リブセンスでは、2019年卒業予定の学生からインターンシップについての体験記を集めています。これは、実際にインターンに参加した学生による体験レポートで、インターンのテーマや内容に加えて「志望度が上がったか」「その後の就職活動にどのような影響を与えたか」といった本音が記載されているレポートです。

レポートのテキスト情報に加えて、「総合評価」「選考難易度」「業界理解」「会社理解」「メンターのコミット」「自己成長」「内定直結度」「学生のレベル」「テーマの面白さ」の9項目について、5段階評価をしています。

上記の6つの部門の中から、まずは「総合評価が高かった部門」について紹介していきましょう。

「総合評価が高かった部門」

「総合評価が高かった部門」のトップ5を紹介します。この部門は、学生が総合的な観点から「就職活動に役立った」と評価した企業が選ばれます。

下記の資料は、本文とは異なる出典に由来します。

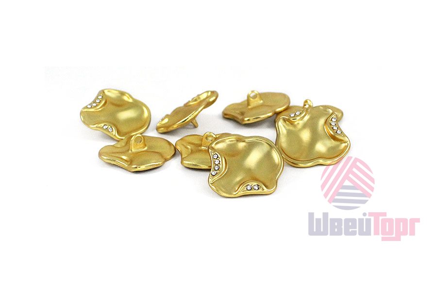 Стильная металлическая пуговица на ножке, имеет неправильную форму (размеры габаритные - 23х23 мм). Пуговица станет отличным украшением ваших костюмов и жакетов.

1位 野村総合研究所[情報処理/専門サービス]総合評価5.0

  • 選考難易度 4.3
  • 業界理解 5.0
  • 会社理解 5.0
  • メンターのコミット 4.7
  • 自己成長 4.0
  • 内定直結度 4.0
  • 学生のレベル 4.7
  • テーマの面白さ 4.7

2位 Fringe81[webサービス/インターネット附随サービス業/広告]総合評価5.0

  • 選考難易度 3.5
  • 業界理解 3.0
  • 会社理解 3.5
  • メンターのコミット 5.0
  • 自己成長 5.0
  • 内定直結度 5.0
  • 学生のレベル 4.0
  • テーマの面白さ 4.5

3位 ワークスアプリケーションズ[ソフトウェア]総合評価5.0

  • 選考難易度 4.5
  • 業界理解 4.0
  • 会社理解 3.5
  • メンターのコミット 4.5
  • 自己成長 4.5
  • 内定直結度 5.0
  • 学生のレベル 5.0
  • テーマの面白さ 3.0

4位 ネットプロテクションズ[webサービス/その他金融]総合評価4.8

  • 選考難易度 3.0
  • 業界理解 3.0
  • 会社理解 3.8
  • メンターのコミット 5.0
  • 自己成長 4.8
  • 内定直結度 3.2
  • 学生のレベル 3.6
  • テーマの面白さ 4.6

5位 日産自動車[自動車/輸送機]総合評価4.7

  • 選考難易度 3.7
  • 業界理解 4.7
  • 会社理解 4.3
  • メンターのコミット 3.7
  • 自己成長 3.7
  • 内定直結度 2.7
  • 学生のレベル 4.7
  • テーマの面白さ 4.0

インターンシップの内容

「総合評価が高かった部門」で1位となった野村総合研究所では、どのようなインターンプログラムが行われているのでしょうか。冬インターンのレポートの一部を紹介します。

コース:ITソリューションコース

  • 選考フロー:書類選考、1次面接、グループディスカッション
  • 開催時期:2018年2月
  • 開催期間:5日
  • 参加人数:40人
  • 内容:職場配属
  • グループワークを1日目に行った。実際のSIer業務の流れについて理解することができた。その後は職場配属。実際に職場に配属していただくかたちのインターンシップであったため、業務内容の詳しい理解につながり、大変勉強になった。

コース:経営コンサルタント

  • 選考フロー:書類選考、webテスト・SPI、1次面接、グループディスカッション、最終面接
  • 開催時期:2017年12月
  • 開催期間:5日
  • 参加人数:15人
  • 内容:企業Xが、産業Yに参加すべきか否か
  • 基本的に学生に進め方は委ねられる。ただグループによっては、所属部署の社員から進め方をある程度指示されてやっているところもあった。プログラム後半は、リサーチした情報から提案を構造化した。この段階では議論が活発的に生まれ、時に社員と議論をする場面もある。